European competition commissioner Margrethe Vestager, on April 15, 2015 in Brussels, as the Commission said it would open an antitrust investigation into Google’s Android operating system. (Photo credit: JOHN THYS/AFP/Getty Images)
The new Android licensing terms make it (at least theoretically) possible for new types of less-heavily-Google-flavored Android devices to be developed for Europe. Though there have been complaints the licensing tweaks don’t go far enough to reset Google’s competitive Android advantage.

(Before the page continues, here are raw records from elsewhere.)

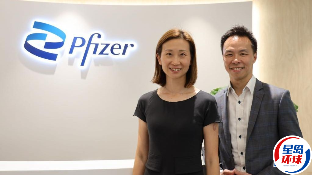 ▲輝瑞香港及澳門區法規科學主管洪凱欣(左)、免疫及炎癥、腫瘤科業務負責人兼營運負責人陳敏剛(右)分享輝瑞香港的歷程。
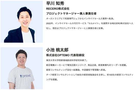 「アポイントを取らずにその場で商談する」セールステック”OPTEMO(オプテモ)”を開発、運営。B Dash Camp、TechCrunch Tokyoといった国内有数のピッチ大会へファイナリストとして選出され、IVS 2022 LaunchPad NAHAでは5位に入賞。「日本の商習慣を変える」という想いの下、新たなWEB体験を通じて「ヒト、コト、モノがさっとはまる」社会の実現を目指している。社名:株式会社OPTEMO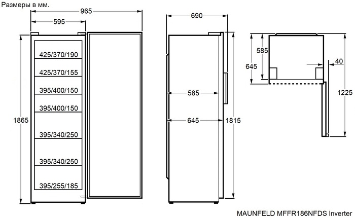 Maunfeld MFFR186NFDS Inverter - схема с размерами версия 2 к холодильнику на разных языках на Hausdorf

Asked whether Jolla has seen any positive impacts on its business following the Commission’s antitrust decision, Pienimäki responds positively, recounting how — “one or two weeks after the ruling” — Jolla received an inbound enquiry from a company in France that had felt hamstrung by Google requiring its services to be bundled with Android but was now hoping “to realize a project in a special sector”.
The company, which he isn’t disclosing at this stage, is interested in “using Sailfish and then having selected Android applications running in Sailfish but no connection with the Google services”.
“We’ve been there for five years helping the European Union authorities [to build the case] and explain how difficult it is to create competitive solutions in the smartphone market in general,” he continues. “Be it consumer or be it anything else. That’s definitely important for us and I don’t see this at all limited to the consumer sector. The very same thing has been a problem for corporate clients, for companies who provide specialized mobile device solutions for different kind of corporations and even governments.”
While he couches the Android ruling as a “very important” moment for Jolla’s business last year, he also says he hopes the Commission will intervene further to level the smartphone playing field.
“What I’m after here, and what I would really love to see, is that within the European Union we utilize Linux-based, open platform solution which is made in Europe,” he says. “That’s why we’ve been pushing this [antitrust action]. This is part of that. But in bigger scheme this is very good.”
He is also very happy with Europe’s General Data Protection Regulation (GDPR) — which came into force last May, plugging in a long overdue update to the bloc’s privacy rules with a much beefed up enforcement regime.
GDPR has been good for Jolla’s business, according to Pienimäki, who says interest is flowing its way from customers who now perceive a risk to using Android if customer data flows outside Europe and they cannot guarantee adequate privacy protections are in place.
“Already last spring… we have had plenty of different customer discussions with European companies who are really afraid that ‘hey I cannot offer this solution to my government or to my corporate customer in my country because I cannot guarantee if I use Android that this data doesn’t go outside the European Union’,” he says.
“You can’t indemnify in a way that. And that’s been really good for us as well.”